━━━ Data for this exercise

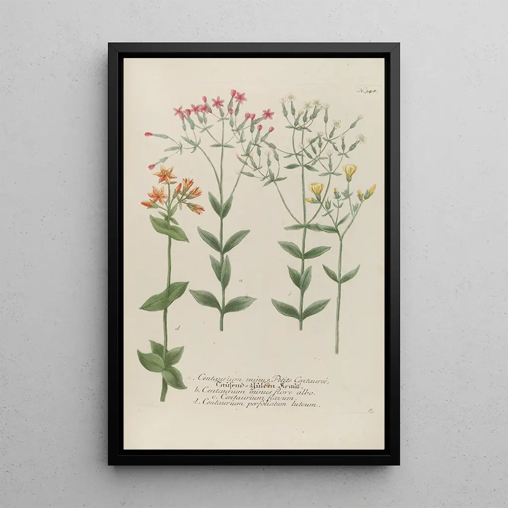 Die reproduction von Phytanthoza iconographia Pl071 entführt uns in einen üppigen Garten, in dem jede Pflanze mit bemerkenswerter Präzision hervorgehoben wird. Die zarten Nuancen der Blumen, verbunden mit subtil nuancierten Hintergründen, schaffen eine beruhigende und harmonische Atmosphäre. Die Gravurtechnik von Johann Wilhelm Weinmann ermöglicht es, die Texturen und Formen der Pflanzen so fein wiederzugeben, dass man fast ihren Duft riechen könnte. Dieses Gemälde ist eine wahre Einladung, die Vielfalt der Flora zu erkunden und gleichzeitig die Schönheit der Natur zu feiern.
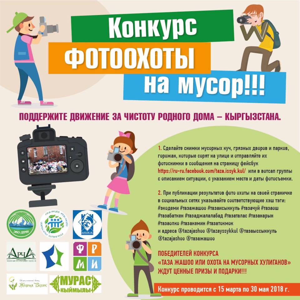 В рамках национальной кампании «Таза жашоо» в Кыргызстане объявлена фотоохота на мусор. Самым активным обещают призы и подарки. Об этом сообщается на официальной странице кампании в сети Facebook.
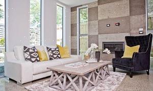 Utseendet til ekte tre i hjemmet ser straks rikt, dyrt og innbydende ut. Å ha en tekstur i hjemmet som du faktisk vil berøre er en fin måte å legge til noe spesielt. Tregulv er en vanlig måte å introdusere dette designelementet til et hjem, det samme er trebjelker, dører eller vinduslister. Men en heltrevegg som denne her gir en veldig sterk uttalelse. Å legge planker på veggene kan være en investering, og du må kanskje ansette en profesjonell for å installere dette for deg. Budsjett tips: Du kan finne kasserte paller og installere dem på veggene for å få et billigere utseende. Du kan også bruke et produkt som Stickwood som selger veldig tynne stykker ekte tre (se siden deres for hele spekteret av farger og stiler). Et peeling og stick lim på baksiden gjør dette superenkelt å installere alene. Hvis du ikke kan bruke den på veggene, kan du prøve å bruke den på hodegjerde eller skap.
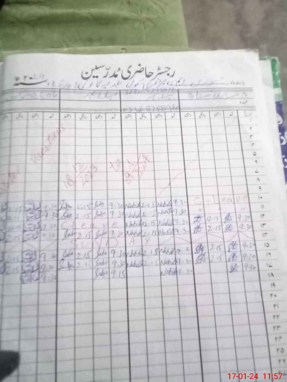 | CNIC | Full Name | Designation | R/C | Absence During Last Calender Month |
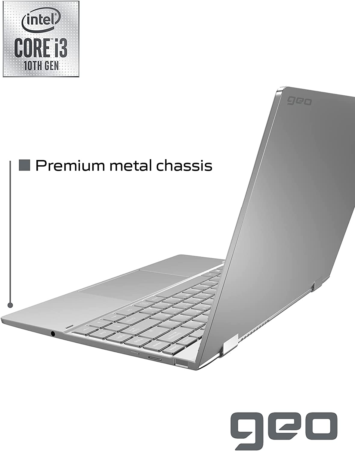 • GeoFlex 340 is a 14.1" convertible metal laptop with touchscreen, offering versatility, style and performance in one slim and lightweight package.

━━━━━━

→ **Task statement**
In transcribing the listing, keep each word as it is and drop the pictures.

→ **Written solution**
 Die reproduction von Phytanthoza iconographia Pl071 entführt uns in einen üppigen Garten, in dem jede Pflanze mit bemerkenswerter Präzision hervorgehoben wird. Die zarten Nuancen der Blumen, verbunden mit subtil nuancierten Hintergründen, schaffen eine beruhigende und harmonische Atmosphäre. Die Gravurtechnik von Johann Wilhelm Weinmann ermöglicht es, die Texturen und Formen der Pflanzen so fein wiederzugeben, dass man fast ihren Duft riechen könnte. Dieses Gemälde ist eine wahre Einladung, die Vielfalt der Flora zu erkunden und gleichzeitig die Schönheit der Natur zu feiern.
 В рамках национальной кампании «Таза жашоо» в Кыргызстане объявлена фотоохота на мусор. Самым активным обещают призы и подарки. Об этом сообщается на официальной странице кампании в сети Facebook.
 Utseendet til ekte tre i hjemmet ser straks rikt, dyrt og innbydende ut. Å ha en tekstur i hjemmet som du faktisk vil berøre er en fin måte å legge til noe spesielt. Tregulv er en vanlig måte å introdusere dette designelementet til et hjem, det samme er trebjelker, dører eller vinduslister. Men en heltrevegg som denne her gir en veldig sterk uttalelse. Å legge planker på veggene kan være en investering, og du må kanskje ansette en profesjonell for å installere dette for deg. Budsjett tips: Du kan finne kasserte paller og installere dem på veggene for å få et billigere utseende. Du kan også bruke et produkt som Stickwood som selger veldig tynne stykker ekte tre (se siden deres for hele spekteret av farger og stiler). Et peeling og stick lim på baksiden gjør dette superenkelt å installere alene. Hvis du ikke kan bruke den på veggene, kan du prøve å bruke den på hodegjerde eller skap.
 | CNIC | Full Name | Designation | R/C | Absence During Last Calender Month |
 • GeoFlex 340 is a 14.1" convertible metal laptop with touchscreen, offering versatility, style and performance in one slim and lightweight package.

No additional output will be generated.